▸ **EXERCISE OBJECTIVE**: Leaving pictures out, repeat word for word the line that has "En este cielo" and each line that follows it to the end of the listing.

▸ **MATERIAL FOR THIS EXERCISE**:
:::::
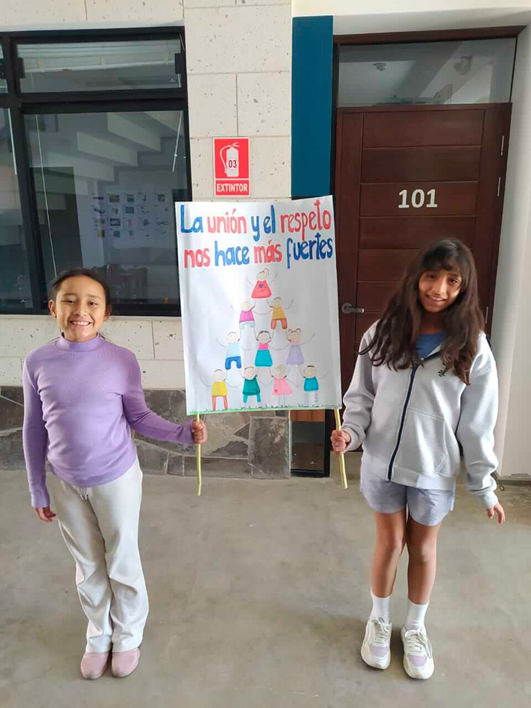 Nuestros niños y niñas de primaria presentaron carteles con mensajes poderosos sobre el respeto, la solidaridad y el compañerismo. A través de colores, dibujos y frases inspiradoras, nos recordaron que cada uno puede construir un colegio más amable, seguro y feliz.
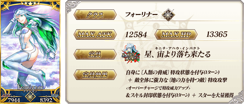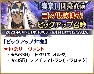 ※「★4(SR)テノチティトラン(トラロック)」は、第2部 第7章「Lostbelt No.7 黄金樹海紀行 ナウイ・ミクトラン 惑星を統べるもの」の特定のメインクエストをクリアしたうえで「トラロック」を霊基再臨第3段階にすることで、名称が「テノチティトラン」に変化します。
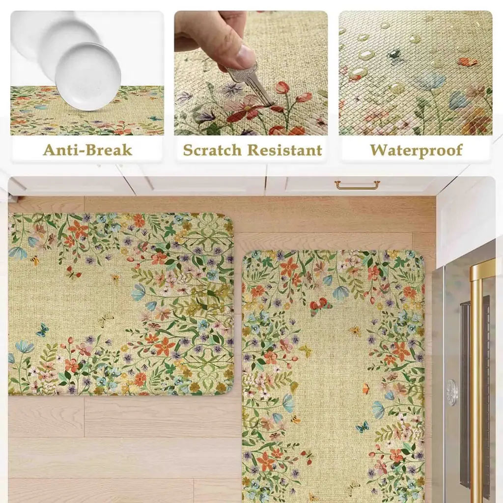 This 2-piece anti-fatigue kitchen mat set is designed to make long hours of standing more comfortable. With 0.47-inch (12 mm) thick cushioning, it helps reduce pressure on your feet, knees, and back, so you can enjoy cooking, working, or doing chores with ease.
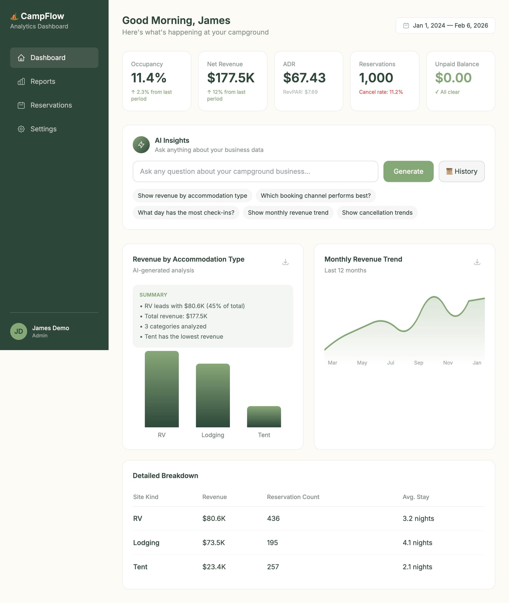 AI-powered business analytics dashboard with real-time data visualization, reservations management, and intelligent reporting.
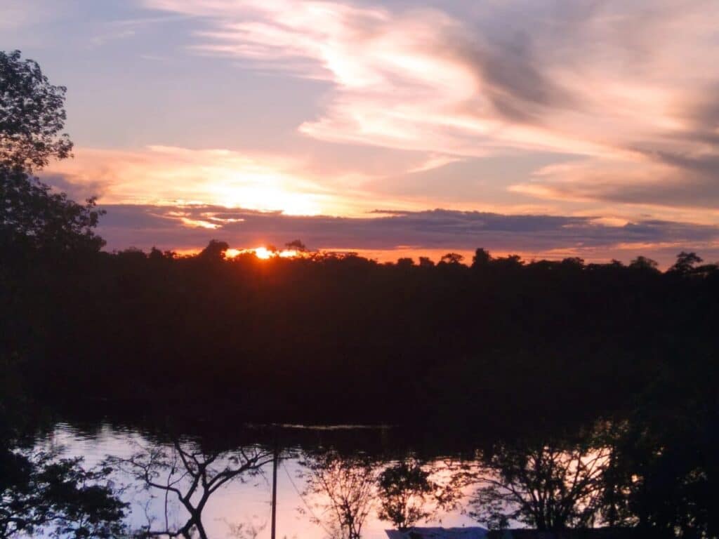 En este cielo que sobrevuela la tupida selva que demarca los ríos serpenteantes, en este, donde se dibujan estelas de color cuando hay tormenta seca, en este, es donde se dibuja la bandera tricolor, que es acompañada con una sinfonía de croar de ranas, aunque no se ven, allí están, como si marcaran el descanso diario del majestuoso sol – porque, cuando dice calentar, como se habla coloquialmente, lo hace con bastante fuerza -; su descanso va anunciando también, el retorno a sus nidos de muchas especies de aves, un fondo perfecto de siluetas, de luces, de sombras, de color.
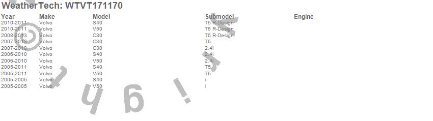 Below is an abbreviated list of applications for the All Weather Floor Mats.C30, S40, V50, Volvo, 2013, 2012, 2011, 2010, 2009, 2008, 2007, 2006, 2005
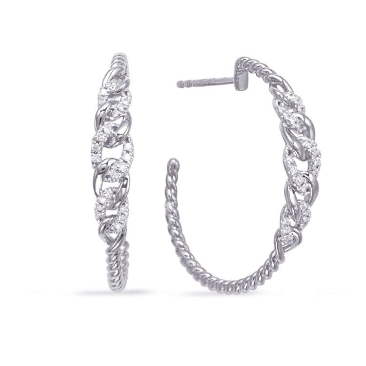 This Earing is available in 14K White Gold. There are a total of 48 stones. There are Rounds with a total carat weight of 0.16 set in a Micro Prong setting.
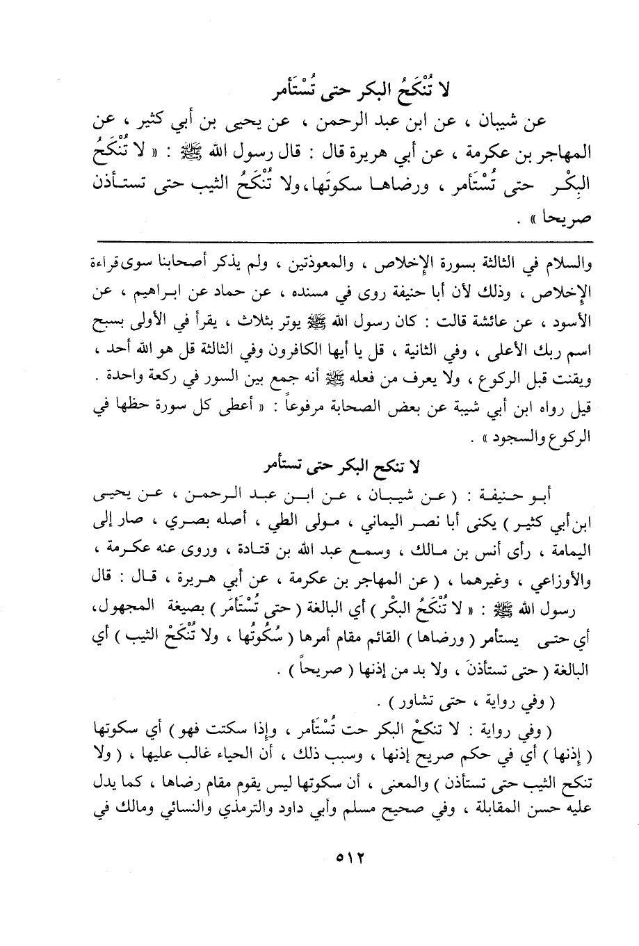 أبو حنيفة: (عن شيبان، عن ابن عبد الرحمن، عن يحيى ابن أبي كثير) يكنى أبا نصر اليماني، مولى الطي، أصله بصري، صار إلى اليمامة، رأى أنس بن مالك، وسمع عبد الله بن قتادة، وروى عنه عكرمة، والأوزاعي، وغيرهما، (عن المهاجر بن عكرمة، عن أبي هريرة، قال: قال رسول الله صلى الله عليه وسلم: "لا تُنْكَحُ البكْر) أي البالغة (حتى تُسْتَأمَر) بصيغة المجهول، أي حتى يستأمر (ورضاها) القائم مقام أمرها (سُكُوتُها، ولا تُنْكَحْ الثيب) أي البالغة (حتى تستأذنَ، ولا بد من إذنها (صريحاً).
:::::
▸ **TASK RESPONSE**:
 En este cielo que sobrevuela la tupida selva que demarca los ríos serpenteantes, en este, donde se dibujan estelas de color cuando hay tormenta seca, en este, es donde se dibuja la bandera tricolor, que es acompañada con una sinfonía de croar de ranas, aunque no se ven, allí están, como si marcaran el descanso diario del majestuoso sol – porque, cuando dice calentar, como se habla coloquialmente, lo hace con bastante fuerza -; su descanso va anunciando también, el retorno a sus nidos de muchas especies de aves, un fondo perfecto de siluetas, de luces, de sombras, de color.
 Below is an abbreviated list of applications for the All Weather Floor Mats.C30, S40, V50, Volvo, 2013, 2012, 2011, 2010, 2009, 2008, 2007, 2006, 2005
 This Earing is available in 14K White Gold. There are a total of 48 stones. There are Rounds with a total carat weight of 0.16 set in a Micro Prong setting.
 أبو حنيفة: (عن شيبان، عن ابن عبد الرحمن، عن يحيى ابن أبي كثير) يكنى أبا نصر اليماني، مولى الطي، أصله بصري، صار إلى اليمامة، رأى أنس بن مالك، وسمع عبد الله بن قتادة، وروى عنه عكرمة، والأوزاعي، وغيرهما، (عن المهاجر بن عكرمة، عن أبي هريرة، قال: قال رسول الله صلى الله عليه وسلم: "لا تُنْكَحُ البكْر) أي البالغة (حتى تُسْتَأمَر) بصيغة المجهول، أي حتى يستأمر (ورضاها) القائم مقام أمرها (سُكُوتُها، ولا تُنْكَحْ الثيب) أي البالغة (حتى تستأذنَ، ولا بد من إذنها (صريحاً).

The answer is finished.